Baca Juga : Gunung Bawakaraeng & Gunung Nona

Maps

GUNUNG KAMBUNO (2.950 MDPL)

Ekspedisi Gunung Kambuno
c: @latimojong_tracker

GUNUNG KAMBUNO (2.950 MDPL)
Di Provinsi Sulawesi Selatan

Gunung Kambuno adalah sebuah gunung yang terletak di Kabupaten Luwu Utara dan satu kawasan dengan Tobaku (Tolangi-Balease-Kabentonu). Meski masuk dalam kawasan yang sama, namun Gunung Kambuno terletak di pegunungan yang berbeda. Gunung Kambuno masuk dalam Pegunungan Tusang dan menjadi salah satu puncak tertinggi di antara gunung yang lainnya. Gunung Kambuno memiliki ketinggian 2.950 mdpl.

PENDAKIAN
Jalur pendakian Gunung Kambuno dimulai dari Dusun Mangkaluku, Desa Malimbu, Kecamatan Malimbu. Kemudian dilanjutkan berjalan kaki dan menyeberangi sungai dengan jembatan gantung untuk menuju titik kilometer 45 (jarak titik tersebut dari jalan raya adalah 45 km), dan seterusnya adalah pejalanan mendaki. Total terdapat 8 pos pendakian. Trek awal berupa kawasan hutan kemudian diteruskan trek punggungan.

PUNCAK
Puncak Gunung Kambuno disebut Lantangunta. Namun untuk mencapai puncak ini kita harus melewati dua puncak gunung lain, yakni Puncak Kusang dan Puncak Kambuna. Teknik untuk mencapai puncak ke puncak adalah dengan mengikuti stringline (penanda pada pohon). Puncak Lantangunta sendiri berupa lahan yang tidak begitu luas dan masih rimbun dengan tumbuhan kerdil serta terdapat batu triangulasi. Total waktu yang dibutuhkan untuk mendaki Gunung Kambuno yakni 3-5 hari. Bahaya utama yang mengancam adalah longsor yang terbilang cukup sering terjadi jika musim hujan tiba, dan juga jalur yang bercabang sehingga pendaki bisa tersesat.
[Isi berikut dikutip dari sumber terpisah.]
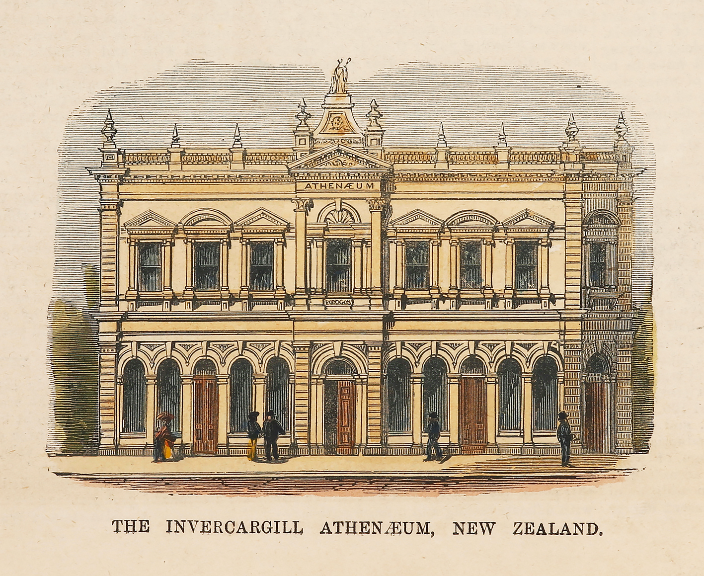 Scarce, c.19th hand coloured engraving of the Invercargill’s, Athenaeum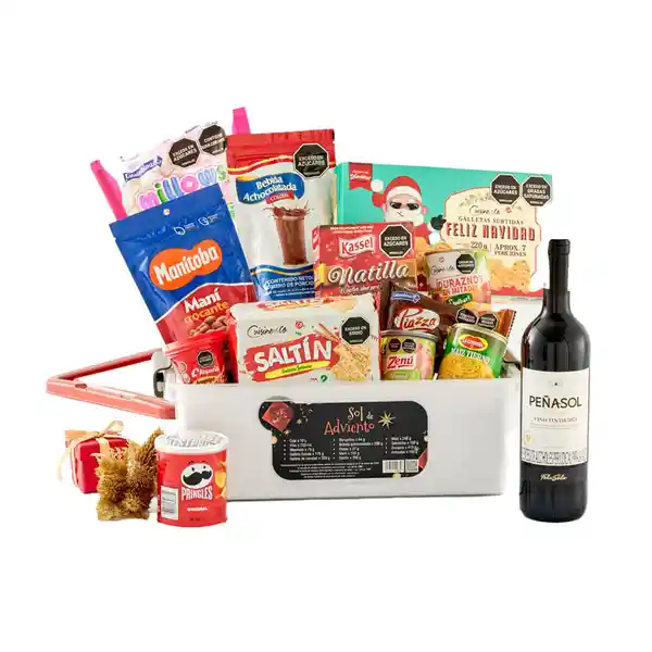 Contiene 14 Unidades. Penasol Vino Tinto Seleccion Botella 750 mL + Millows Surtidos 75 g (20Bs/1/75 g) + Cuisine & Co Galleta Saltin Salada 175 g + Cuisine & Co Galleta Navidad Surtidas 220 g + Piazza Chocolate (36Bj/1/44 g) + Pringles Papa Original 37 g + Mani Japonés 150 g + Natilla Kassel Arequipe x 300 g x 20 + Maiz Tierno 248 g + Zenu Salchicha Viena Sabor Limón 150 g + Cuisine & CoDurazno Mitades Almibar 1 Und + Alquerida Arequipe Tradicional Vaso 150 g + Colosal Bebida Achocolatada 200 g + Caja Tayrona Nº 4 Baja 10 L - Sol de Adviento 2025.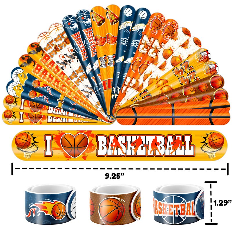 • šŸ„³ć€DELIGHTFUL BASKETBALL PARTY FAVORS BUNDLE怑: Get ready for laughter with our set of 24 temporary tattoo stickers and 24 slap bracelets. Each piece showcases vibrant and adorable designs inspired by the Basketball theme. Perfect for both kids and adults, this bundle ensures endless fun. The bracelets measure 23.5cm x 3.3cm, providing a satisfying "slapping" experience as they effortlessly wrap around your wrist.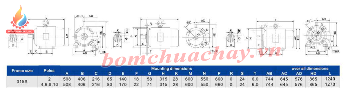 Bảng thông số kích thước của động cơ Vicky VY-315S-2

Nama lain : Buntu Kambuno, Lantangunta
Elevasi : 2.950 mdpl
Lokasi : Sulawesi Selatan
Jenis : Non-volcano, Pegunungan
Pengelola : Pemerintah Luwu Utara
Keistimewaan :
Jalur pendakian : Dusun Mangkaluku
Tempat Ikonik :
Puncak : Lantangunta
Lama pendakian : 3-5 hari
Koordinat : 2°21’19.4″S 120°04’16.6″E
Level pendakian : sulit

Baca Juga : Gunung Latimojong & Gunung Nona

Maps

GUNUNG LOMPOBATTANG (2.870 MDPL)

Gambar Puncak Gunung Lompobattang
c: @panji.96

GUNUNG LOMPOBATTANG (2.870 MDPL)
Di Provinsi Sulawesi Selatan

Gunung Lompobattang adalah sebuah gunung yang cukup terkenal di Sulawesi Selatan. Gunung Lompobattang memiliki ketinggian 2.870 mdpl dan masuk dalam kawasan Kabupaten Gowa dan Kabupaten Bantaeng, Sulawesi Selatan. Nama “Lompobattang” memiliki arti “perut yang besar”.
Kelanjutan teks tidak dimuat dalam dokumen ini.